DAILY SCIENCE

Is New Zealand’s war on invasive predators an expensive distraction?

New Zealand’s plan to completely exterminate five non-native predators by 2050 is a pull-out-all-the-stops attempt to save the islands' biodiversity. But what if it’s a bad idea?
August 22, 2018

New Zealand’s plan to completely exterminate five non-native mammal predators by the year 2050 is widely considered an audaciously ambitious, pull-out-all-the-stops attempt to save the islands’ biodiversity from voracious newcomers. But what if it’s a bad idea?

What criticism there is of Predator Free 2050, which was officially announced in 2016, has come mostly from animal advocates dismayed at the large-scale suffering involved. Among conservation scientists, Predator Free 2050 has been uncontroversial — though that could change.

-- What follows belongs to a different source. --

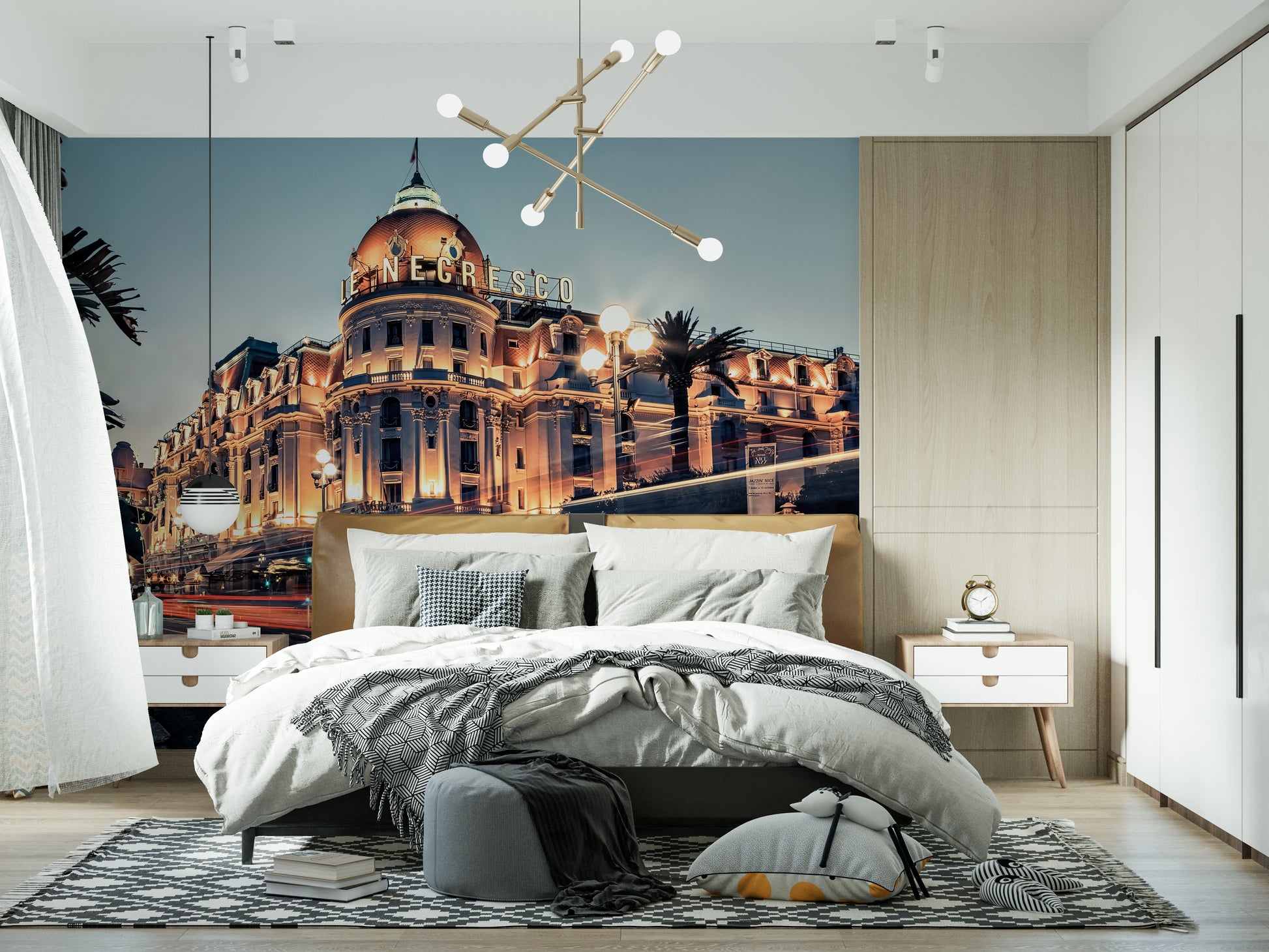 Transform your living spaces with this sophisticated depiction of a Riviera cityscape at twilight. Featuring an iconic building illuminated against the darkening sky, this wallpaper for walls brings a touch of old-world glamour to any room. Streaks of light capture the vibrant energy of the city streets, creating a sense of movement and excitement. The blend of cool blues and warm oranges creates a calming yet elegant atmosphere, ideal for a bedroom, living room, or dining area. Enhance your home with the timeless beauty of the French Riviera.

“Critique, especially of its scientific support, has been limited,” write Wayne Linklater, an ecologist at New Zealand’s Victoria University of Wellington, and Jamie Steer, a biodiversity advisor to the Greater Wellington Regional Council, in the journal Conservation Letters. “This is surprising because the policy appears to be flawed on multiple levels: technical, financial, social, ecological, and ethical.”

Linklater and Steer are not opposed to killing some non-native predators, who since their introduction by humans to New Zealand’s historically mammal-less islands have caused many native species to decline, especially birds. The targets of Predator Free 2050 — brushtail possums, stoats, and three rat species — are considered the most detrimental. But the idea of killing all of them, say the researchers, is simply unrealistic.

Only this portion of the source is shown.